Options: Hierarchical indexing (levels), RAPTOR (summary tree), GraphRAG (knowledge graph + communities), Agentic RAG (librarian agent/router).

Glossary
RAG (Retrieval-Augmented Generation)
approach where an LLM generates answers using context retrieved from a corpus.
Chunk
a document fragment (often a few paragraphs) indexed for retrieval and injected into the LLM context.
Embedding
vector representation of text used to measure semantic proximity.
Vector store
database optimized to store embeddings and run similarity / k-NN searches.
Similarity search / top-k
retrieving the (k) “closest” items in embedding space.
Precision / recall
retrieval metrics: precision = fraction of retrieved items that are relevant; recall = ability to include relevant items.
Multi-hop
a question that requires chaining multiple facts/relations (e.g., entity → organization → attribute).
Reranking
re-sorting candidates (often with a cross-encoder) after an initial retrieval to improve precision.
Hybrid search
combining lexical search (BM25/keywords) and vector search.
Metadata filtering
constraining retrieval by attributes (date, source, domain, type) before or during search.
Hierarchical indexing
organizing the corpus into levels (summary → sections → details) to navigate from general to specific.
RAPTOR
method that builds a tree of summaries via recursive clustering, providing multiple abstraction levels.
Knowledge graph
graph of entities and relationships enabling explicit traversals (instead of similarity approximations).
GraphRAG
approach that combines entity/relation extraction, community clustering, and summaries to answer global and multi-hop questions.
Agentic RAG
an agent that dynamically chooses the best retrieval strategy (filters, search, graph traversal, etc.) based on the question.
Progressive retrieval
retrieving a summary/card first, then drilling down into details only if needed.


The problem: similarity search is not enough

You have a corpus, embeddings, a vector store, a top-k of 5. It works in demos. In production, it breaks.

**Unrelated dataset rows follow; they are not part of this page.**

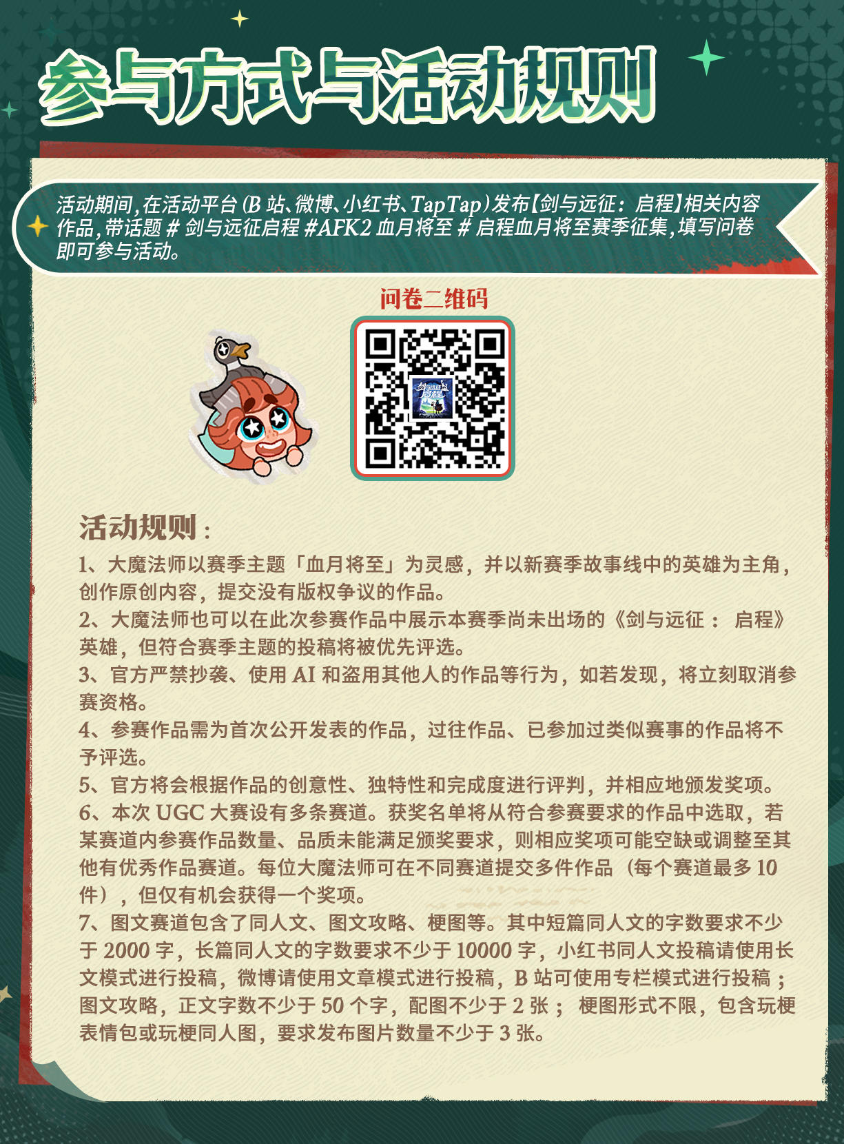 「血月将至」赛季现已上线!一同重返诸神的时代,也欢迎大魔法师参与新版本的征集活动~发布您创作的同人作品并带上指定话题: #剑与远征启程 、#afk2血月将至 、#启程血月将至赛季征集 ,填写问卷即可参与活动!
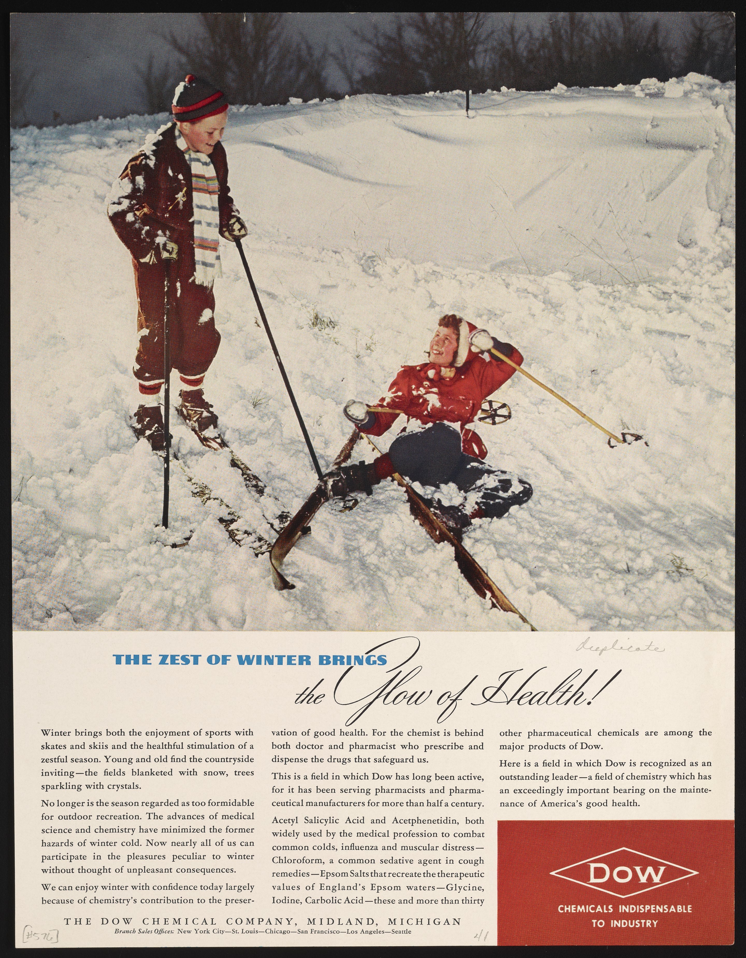 Dow Chemical Company. “The Zest of Winter Brings the Glow of Health!,” 1941. Advertisements from the Dow Chemical Historical Collection, Box 9. Science History Institute. Philadelphia. https://digital.sciencehistory.org/works/v3yky77.
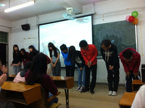 2013年11月14日晚7点30分,我系本科经济133班在教学楼2-401召开第二次主题班会。参加的嘉宾有班级辅导员魏成芳老师、助理班主任何俊荣师兄、助理班主任林莎莎师姐,兄弟班部分同学也前来参加。
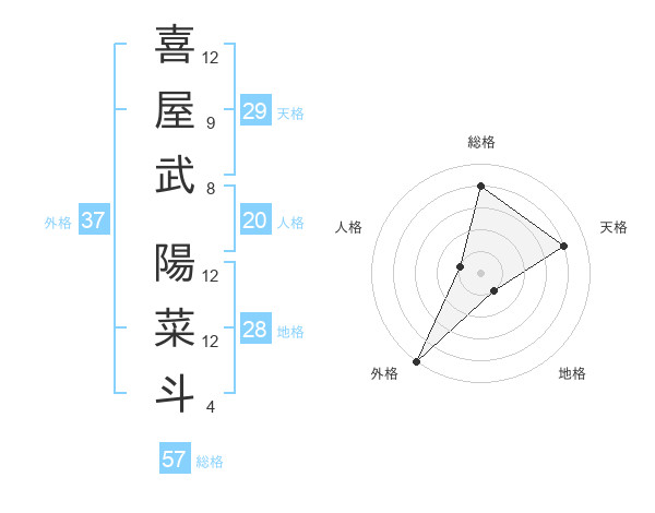 喜屋武 陽菜斗さんの外格は37画の5点!
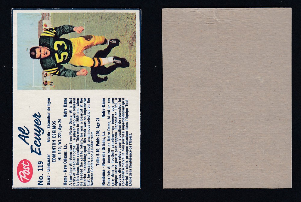 ITEM# : CS50102856 1962 CFL POST FOOTBALL CARD #119 A. ECUYER DESCRIPTION 1962 CFL POST FOOTBALL CARD #119 A. ECUYER CONDITION HAND CUT PRICE $14.99 USD SHIPPING CANADA RESIDENT 3.00$
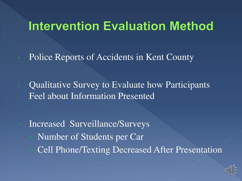 Intervention Evaluation Method • Police Reports of Accidents in Kent County • Qualitative Survey to Evaluate how Participants Feel about Information Presented • Increased Surveillance/Surveys • Number of Students per Car • Cell Phone/Texting Decreased After Presentation
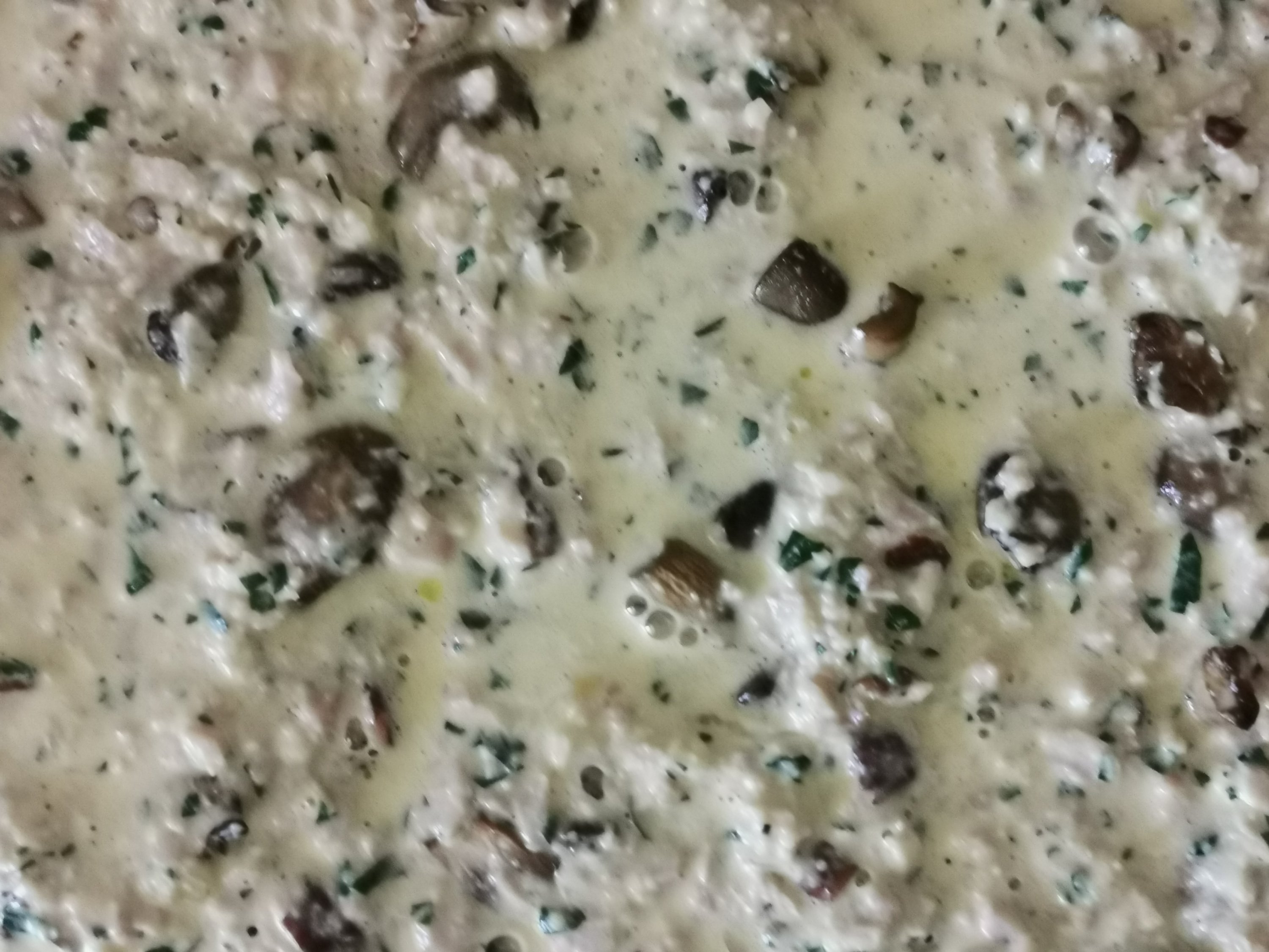 Čebulo nasekljamo in jo prepražimo, dodamo nasekljan česen ter na drobno narezano šunko, solimo in zalijemo z malo vode. Pustimo, da se čebula razpusti, nato zalijemo s smetano, odstavimo z ognja in ohladimo. V ohlajeno ‘omako’ vmešamo jajci in peteršilj.

The issue is not implementation — it’s the paradigm. Similarity search relies on an implicit assumption: the most semantically similar chunk is the most relevant. That’s often false.

Five recurring failures in production

ProblemWhat happensExample
Low precisionThe top-k returns semantically close chunks that aren’t relevant — noise, ambiguity, superficial false positives“vestibular treatment” matches “water treatment” because “treatment” dominates the vector
Multi-hop impossibleQuestions that require chaining multiple facts consistently fail“What degree does the CEO of the company that makes the F-150 have?” — no single chunk contains the whole answer
No aggregationImpossible to answer corpus-wide questions“What are the main themes?”, “How many publications talk about GVS?”
Unresolved conflictsTwo contradictory chunks, no mechanism to decideCEO of Twitter in 2022 vs 2023 — which is “more similar”? Both.
Embeddings ≠ meaningVectors capture semantic proximity, not business logicEntity relations, temporality, domain hierarchy — none of that is in an embedding

Common thread: we ask a similarity tool to do a structural understanding job. It’s like asking a spellchecker to validate an argument’s logic.

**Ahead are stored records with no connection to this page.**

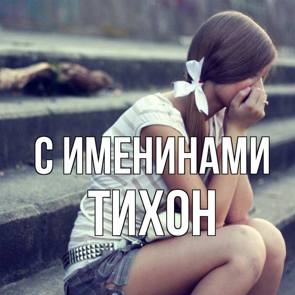 Открытка С именинами Тихон. возвращайся. девушка плачет
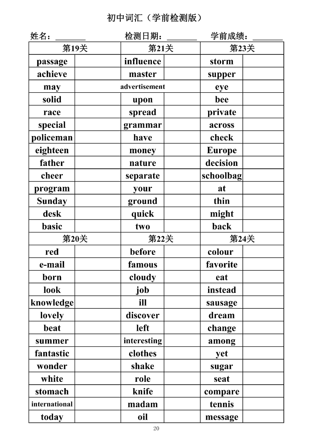 词汇是语言的基本材料,是语言的三大要素之一,掌握好词汇是学好英语的重要基石。离开词汇,语言就失去了实际意义。由此可见,词汇教学在语言教学中占有重要的地位。今天老师为同学们整理了初中词汇背诵版+检测版+音频,需要的同学收藏起来学习。老师已为大家备好电子打印版,文末附电子打印版付费领取方式,想要获取电子打印版请拉到文末。
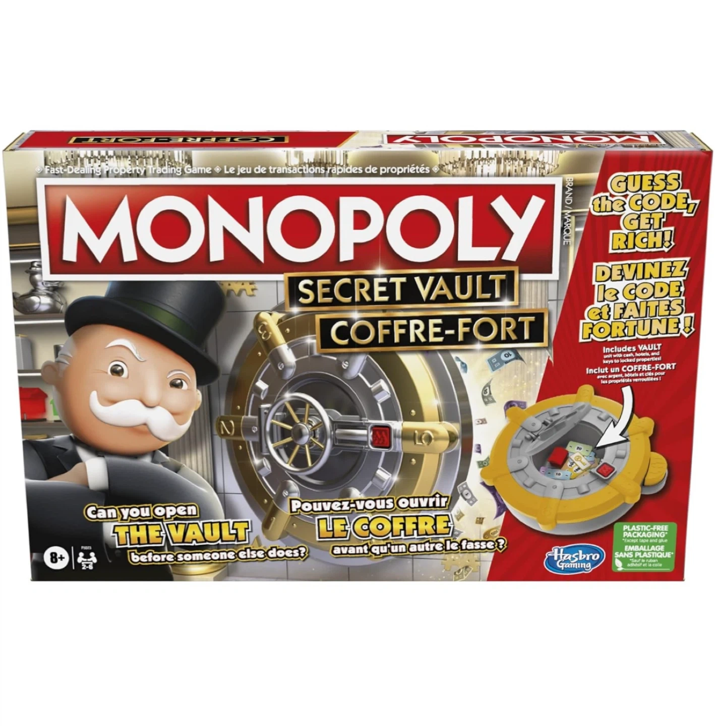 Selling a Monopoly Secret Vault board game! It's a fast-dealing property trading game where you can guess the code and get rich. This includes the vault unit with cash, hotels, and keys to locked properties. Suitable for ages 8+
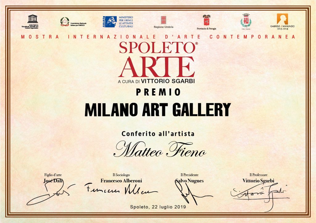 La giuria artistica, composta dal direttore di Milano Art Gallery, nonché presidente di Spoleto Arte, Salvo Nugnes, dal prof. Vittorio Sgarbi, e dal sociologo Francesco Alberoni, ha assegnato all’artista piemontese Matteo Fieno il Premio Milano Art gallery.
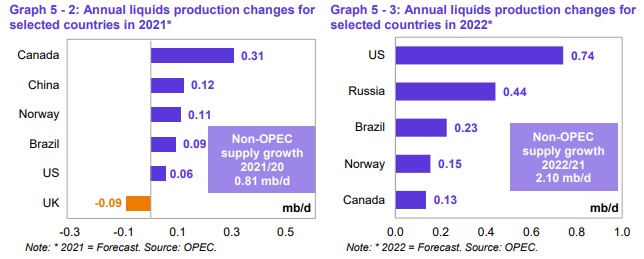 В 2021 году, по прогнозам, ключевыми драйверами роста поставок жидких углеводородов в страны, не входящие в ОПЕК, станут Канада, Китай, Норвегия, Бразилия, США, Гайана, Россия и Азербайджан. В то же время добыча нефти, как ожидается, сократится в основном в Великобритании, Колумбии, Египте и в Южном и Северном Суданах.
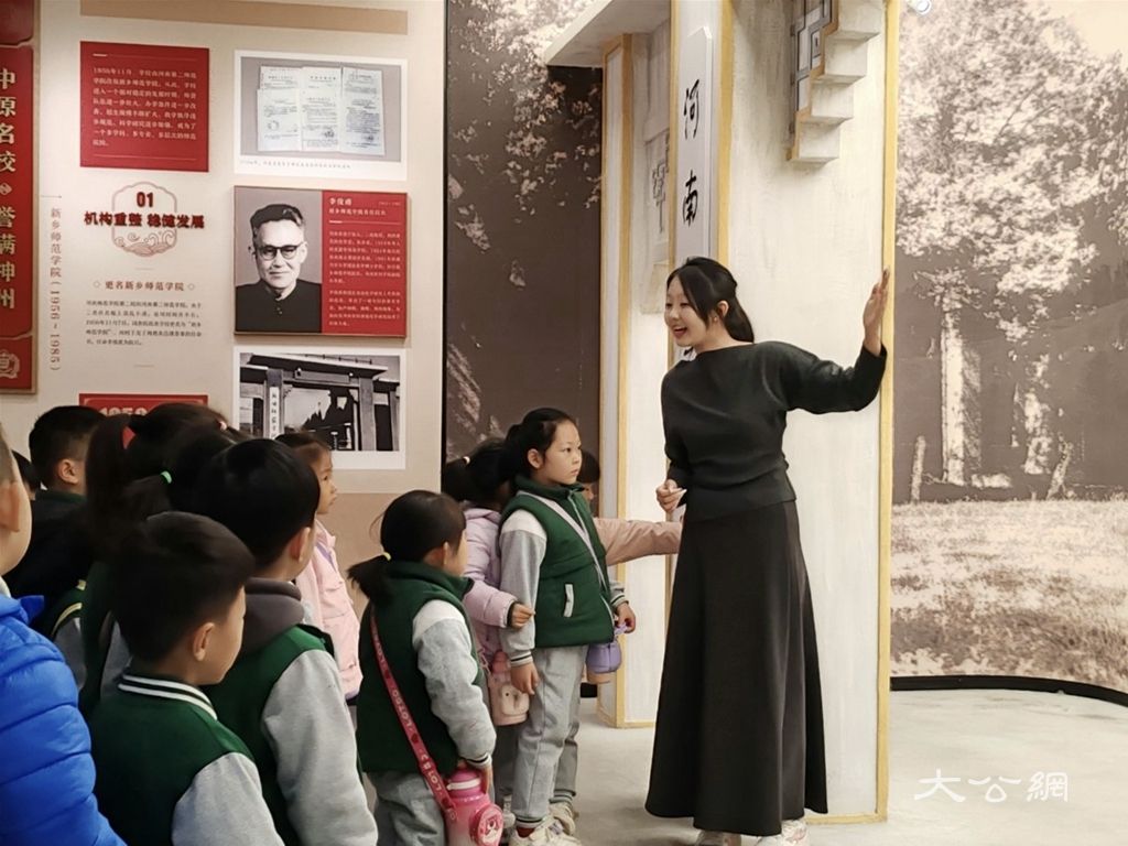 【大公网河南讯】2025年10月21日上午,河南师范大学校史馆里响起了稚嫩的欢笑声,33名平均年龄5岁的河南师范大学幼儿园小朋友,成为这里“史上年纪最小的参观者”。在校史馆讲解员司若涵、童紫英的精心策划与幼儿园老师的全程陪伴下,孩子们用1个半小时的“校史游戏闯关”,与河南师大的百年历史来了一场生动对话。
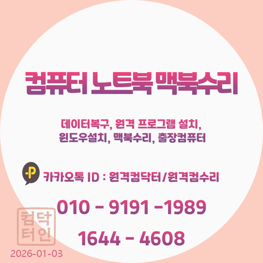본 포스팅은 컴닥터의 서비스 소개 및 컴퓨터 관련 서비스에 대한 안내를 목적으로 하며, 실제 서비스 내용 및 가격은 변동될 수 있습니다.

Two techniques have become reflexes to improve retrieval. They help — but they don’t change the paradigm.

Reranking adds a cross-encoder after top-k to better sort results. Precision improves, sometimes significantly. But the fundamental issue remains: if the right chunk isn’t in the initial candidate set, no reranker will make it appear. You optimize ordering, not coverage.

Hybrid search combines lexical search (BM25/keywords) and vector search. The gain is real — about ~20% recall improvement in common benchmarks. But the paradigm stays the same: flat search → sort → hope the right chunk is in the set. It’s a quick win, not an architectural shift.

Both techniques are useful. They should be the minimum. But treating them as the final solution is like putting a better engine in a car whose problem is the steering.


The analogy: library vs search engine

To understand the required shift, take a simple analogy.

A search engine is: you type words, you get “close” results. No structure, no navigation, no context. It’s statistical matching.

A library is: an index, categories, shelves, cards, classification codes, cross-references. The librarian doesn’t search by similarity — they navigate an organized structure. They know galvanic vestibular stimulation belongs in neuroscience, under neurophysiology, and that recent publications are sorted by date.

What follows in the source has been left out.